DATA SECTION |
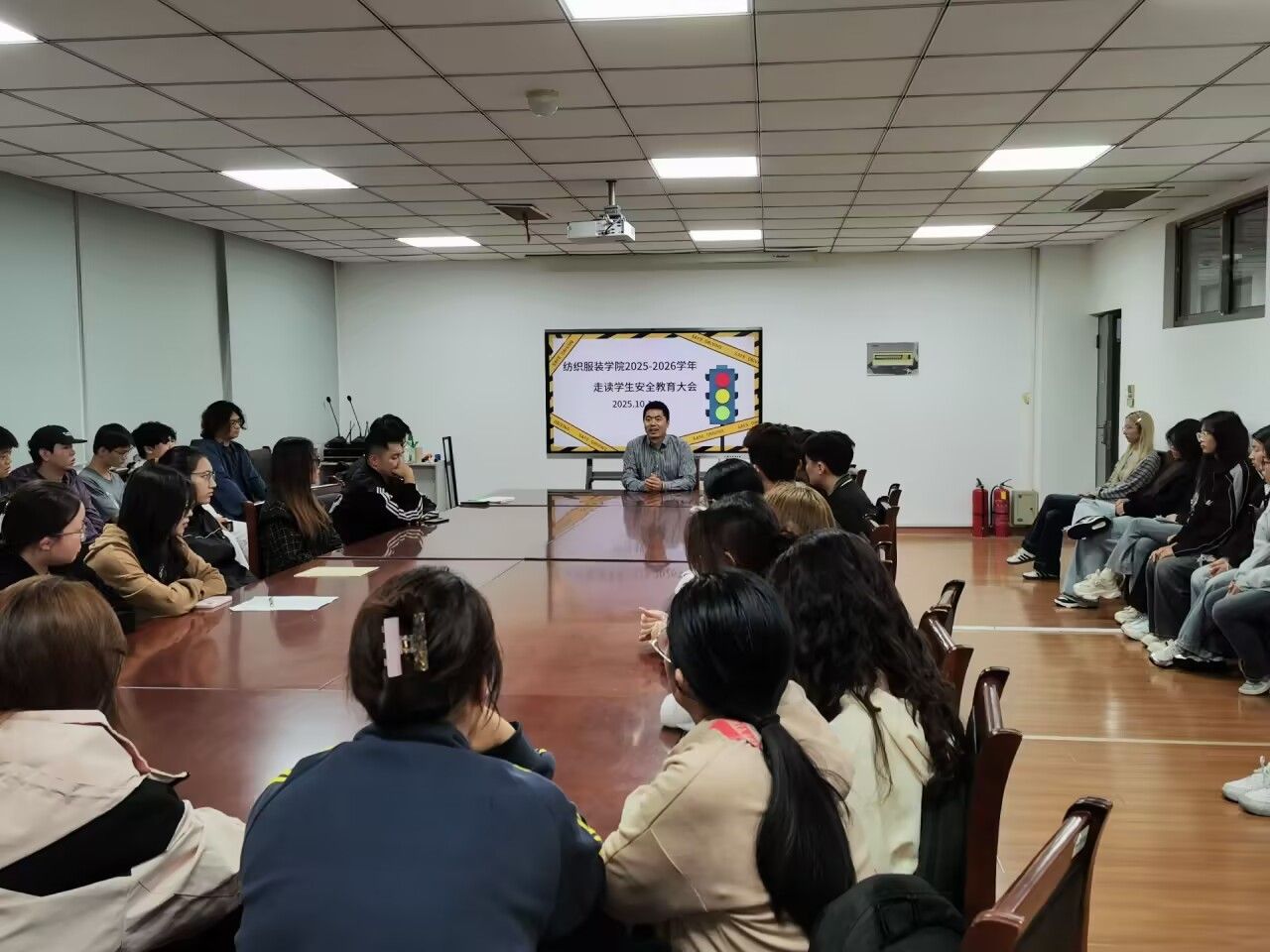 为进一步加强对走读学生的教育管理,强化安全意识,提高风险防范能力,10月14日中午,纺织服装学院在强毅楼604会议室召开了24、25级走读学生安全教育大会。学院党总支副书记刘桂阳、辅导员陆敏以及全体走读学生及家长参加了会议。会议由刘桂阳主持。
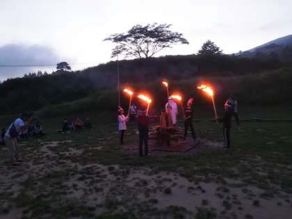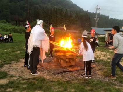 火の神がお供に火を分けて、その火を薪に点火してキャンプファイヤーの始まりです。
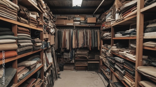 Obraz premium Fabric warehouse storage; textiles, clothing, workshop

WHAT TO DO | Exactly reproduce the lines beginning at the one that contains "火の神がお供に火を分けて、その火を薪に点火してキャンプファイヤーの始まりです。" and ending at the final line of the material, with the pictures left out.

WRITTEN SOLUTION |
 火の神がお供に火を分けて、その火を薪に点火してキャンプファイヤーの始まりです。
 Obraz premium Fabric warehouse storage; textiles, clothing, workshop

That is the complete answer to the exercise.